The document, published as part of the Food Research Collaboration's (FRC) Food Brexit Briefing series, warns that radical changes in food production are urgently needed if we are to halt the decline of wildlife and provide people with ample, healthy and sustainable food.
Currently £3.5 billion per year in farm subsidies support industrial scale farming, with the most money going to the biggest landowners.
But Professor Dave Goulson, author of the FRC briefing, points out that allotments can produce abundant food whie supporting a healthy, biodiverse environment, showing that the two need not be mutually exclusive.
Professor Goulson said: "We are making such a mess of our planet; we're in the midst of a sixth mass extinction event.
"Leaving the Common Agricultural Policy could be a golden opportunity to revolutionise our farming system so it supports biodiversity and sustainable food for all.
"We will need to bring more people back onto the land as small-scale farming is more labour intensive, but would that be such a bad thing?"

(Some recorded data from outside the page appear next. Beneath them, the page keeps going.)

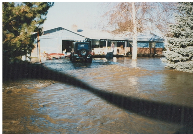
Emma Lane– Looking North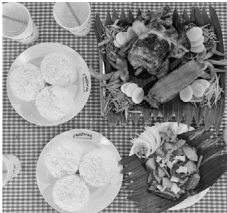
The best dishes are best shared! Come and visit Baliwag Lechon Manok Atbp at SM City Bacor Food Court located at the 4th Floor!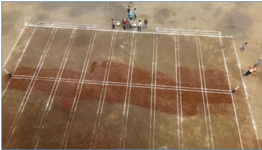
Photo of Kho Kho ground

About KhoKho Ground: - Clay Standard KhoKho court with All the Facilities is Available in College Campus. The kabaddi ground having following facilities:-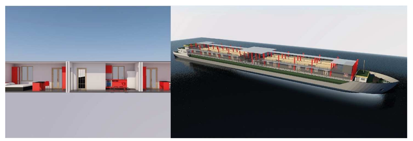
Fig. 5: Example 4 temporary housing model for scenario "DonAutonom".

A less stable and more flexible approach was considered in the scenario "DonAutonom" as this would involve the inhabitation of a redesigned and reused old cargo ship on the Danube. The ideas for the housing models involve common areas on a lower deck and three upper container decks with living units. On top of the containers a series of terraces and plant areas are foreseen in order to provide green and open spaces on an otherwise steel designed object as shown in Figure 5. The experimental setting is considered to be selfsufficient in terms of water and waste by using rain- and river water and the conversion of biogenic waste into biogas.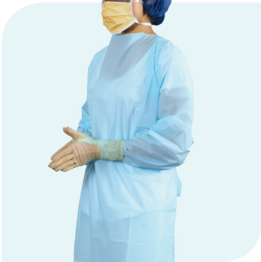
Liteback Thumb Secure Protective Gown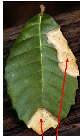
Leaf blotches on tanoak that are not SOD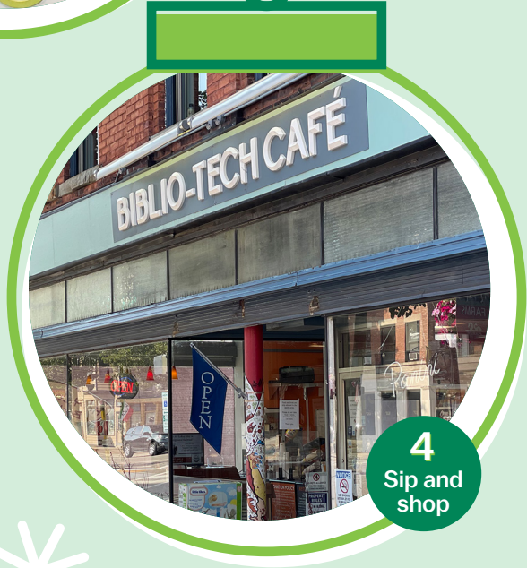
4 Sip and shop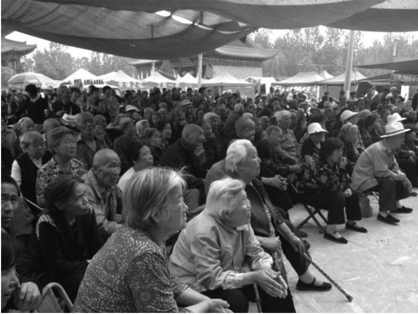
FIG. 3. The audience for the Puju daytime performance on the 22nd day of the fourth month (May 31, 2013).

friends, and would comment on the performances with each other. But because the temple is a little distant from either North Yangxie or South Yangxie, only those old people who have filial sons to drop them off at the temple before the evening performance starts and pick them up after the show could get there in comfort. Some of the old people who lived far away came to stay with their relatives in Yangxie in order to watch the performances.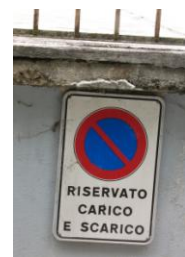
Hell! What's this mean? Might have to give it a miss pity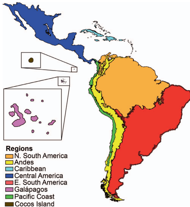
FIGURE 1. Map of biogeographic areas used in BioGeoBEARS eight-area regime. Five-area regime combined the four regions of South America mainland that are shown here.

likelihood analyses (>70 Bootstrap Support). This change in topology potentially alters the biogeographic interpretation of the origin of Darwin's finches. In addition, advances in biogeographic analyses in the last 15 yr indicate that a reassessment of the biogeography of the group is warranted. The R package BioGeoBEARS provides a framework for testing maximum likelihood and Bayesian models to reconstruct ancestral ranges (Matzke 2013a). The ability to customize models within this package allows new model types to be compared in addition to more widely used models. Therefore, we use the Burns et al. (2014) phylogeny and the more modern statistical approaches available through BioGeoBEARS to test a variety of biogeographical models. Using maximum likelihood, we estimate the ancestral ranges for all species in the subfamily Coerebinae and provide an update to the biogeographical analyses of Burns et al. (2002). Using this reconstruction, we evaluate the 2 proposed hypotheses for the origin of Darwin's finches in an attempt to provide consistency to the literature and to better understand the evolutionary context from which this radiation evolved.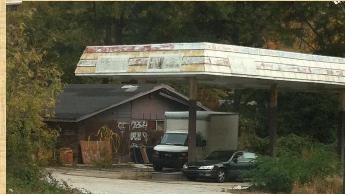
East Decatur Greenway (before and after)

OMB setting aggressive annual targets: 684 for FY18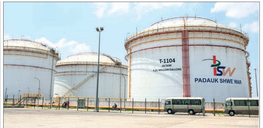
Fuel oil storage silos are pictured at Thilawa Port.

and 2,978,945 gallons of premium. We have enough fuel for 30 days except for 97. Another 13 ships will arrive here within 15 days of April. It will be 218,014 tonnes and 60,837,308 gallons. It will arrive here within 15 days. On 5 April, we will have 16,000 tonnes which is 4,793,920 gallons and three ships will dock within the next five days.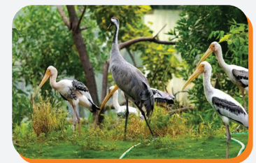
Geodesic Aviary Domes (3.3 KM)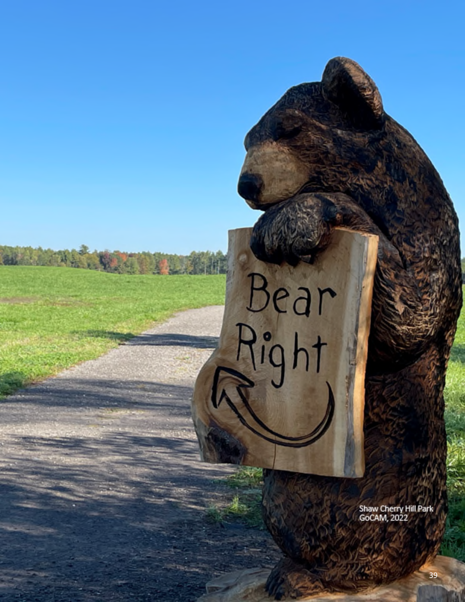
Shaw Cherry Hill Park GoCAM, 2022

Buying more land for allotments and getting more people involved in small-scale farming, primarily aimed at growing mixed fruit and vegetables for local consumption, would not only enable people to eat healthy food with minimal packaging, but it would also provide a route into employment in a time when more and more jobs are becoming redundant due to automation, argues the paper.
Professor Goulson, whose book The Garden Jungle or Gardening to Save the Planet is published today, calls for the removal of area-based subsidies and reinvesting the money in allotments, small-scale farms and research and development to optimise sustainability and productivity of this type of farming.
The paper also highlights that gardens and allotments are not only good models for sustainable food growing, but also spaces that allow average homeowners to contribute to wildlife conservation with simple actions such as not using pesticides; providing homes for bees and other insects; and growing plants that insects can pollinate.